Allen's is a flawed and sometimes impenetrable monument, despite occasional flashes of brilliance and moving passages of considerable power. Nonetheless, this work deserves regard as one of the few significant attempts by an artist to come to terms with the aftermath of an indescribably complex trauma, whose impact on the national psyche remains, 20 years later, clouded by denial and marred by recrimination.
The show, organized by the Southeastern Center for Contemporary Art in Winston-Salem, North Carolina, has been slightly abridged for its current presentation at the Newport Harbor Art Museum. About a dozen works were trimmed in order to accommodate Newport's smaller space. With one exception, the rather crowded feel of the galleries paradoxically enhances the sense of confinement and claustrophobia that is crucial to Allen's art.
The exception is the juxtaposition in adjacent galleries of two of the show's three installations. Allen, who is an accomplished musician, employs audio components in these works. But the delicate words and music that float up from 1988's "Big Witness"--a figure reclining inside a huge sofa placed inside a schematic house--can be inaudible when the raucous period music of Creedence Clearwater, the Doors and Townes Van Zandt intermittently animates the bleak, roadside bar called "China Night" (1985), in the next gallery.
"China Night," which is in the collection of L.A.'s Museum of Contemporary Art, is the show's masterwork. Like the structure of "Big Witness," things nest inside other things: A grim, run-down bar in New Mexico, sporting a broken neon sign and a tattered American flag as a window curtain, stands isolated and unable to be entered inside a fenced patch of litter-strewn desert.
The surrounding gallery, painted midnight black and sporting two neon aphorisms, puts the spectator inside a peripheral zone of the installation, but outside the fenced-off bit of landscape that is its heart. Perusing the scattered beer bottles, cigarette butts and trash, and lured by the music, your mind begins to imagine a desperate mix of playfulness and horror inside the bar.
Around back, a confirming clue will be found. A small diorama of a domestic living room is literally turned upside down, chairs and tables hanging like stalactites from the ceiling; below, a tableau of Snow White confronting the Seven Dwarfs presents an all-American face-off between the eternally virginal and the emotionally stunted.
Actual knowledge of the hidden barroom is, however, unavailable. The walled-off interior becomes a metaphoric image for the finally impenetrable mystery of another human mind or heart.
Allen's environments can make lonely isolation shockingly palpable. The show's other high point is a radically stripped-down, but not dissimilar, installation called "Tables and Angels" (1987). Along one side of a scruffy corridor, dimly lit by red and blue bulbs, a sequence of chambers is part roadside diner, part prison block. Periodically, the loud, incessant, slow-motion sound of helicopter blades chopping the air is punctuated by woozy strains of "The Star-Spangled Banner."

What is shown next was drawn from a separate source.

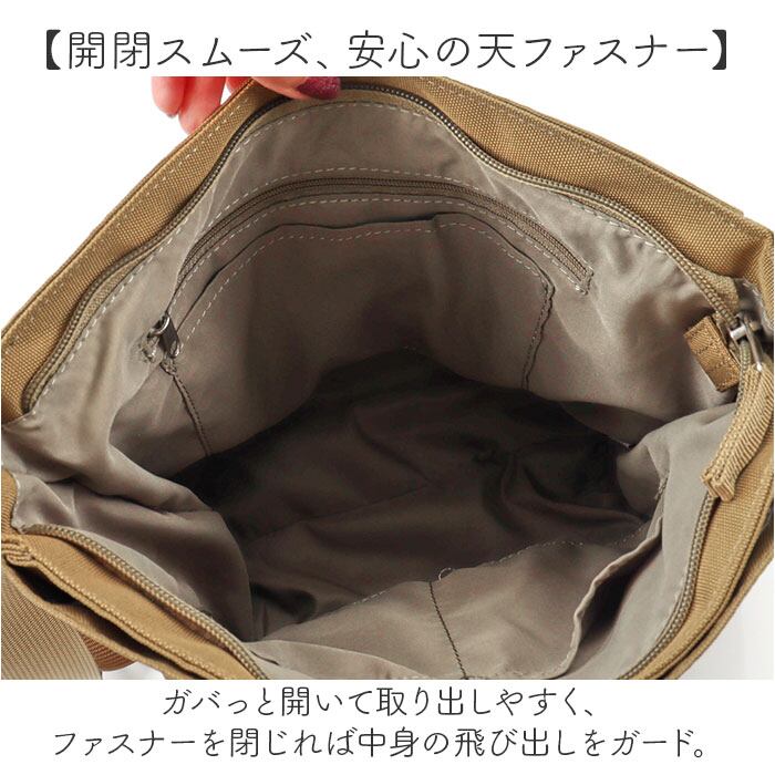 ・ガバっと開いて取り出しやすく、ファスナーを閉じれば中身の飛び出しをガード。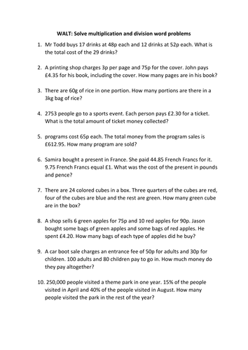 Multiplication And Division Word Problems Year 5 - Word Problems Worksheets Dynamically Created Word Problems / Multiplication worksheet generator (campbell airlie) simple multiplication problems (c.. Boost your child's time sense with a lesson in time conversion. This is the introductory video to the lesson titled multiplication, division and word problems on money in year 5 maths. Twinkl » 2014 national curriculum resources » maths. In year 3, they will be based on three objectives: Explore more than 10,000 'multiplication and division word problems year 5' resources for teachers, parents and pupils as well as related resources on 'multiplication and division word problems'

Socially trenchant and morally passionate, Allen's installations are informed by the precedent of Edward Kienholz's assemblage tableaux from the 1960s. Like Kienholz, Allen relies on a literary form, but his theatricality is smartly translated into a kind of soundtrack for the spectator's experience. The result is a compelling form of installation with a pronounced cinematic quality.
"Torso Hell" (1986), the strongest wall-piece in the show, also claims that quality. A kind of storyboard for a post-Vietnam horror movie, the triptych's central panel features the outline of a script push-pinned to a bulletin-board, together with indistinct photographs of body parts. The panel is flanked by woozily painted portraits of Donald Duck and Mickey Mouse, cuddly icons of irascibility and sweetness, here revealed in all their frothy weirdness.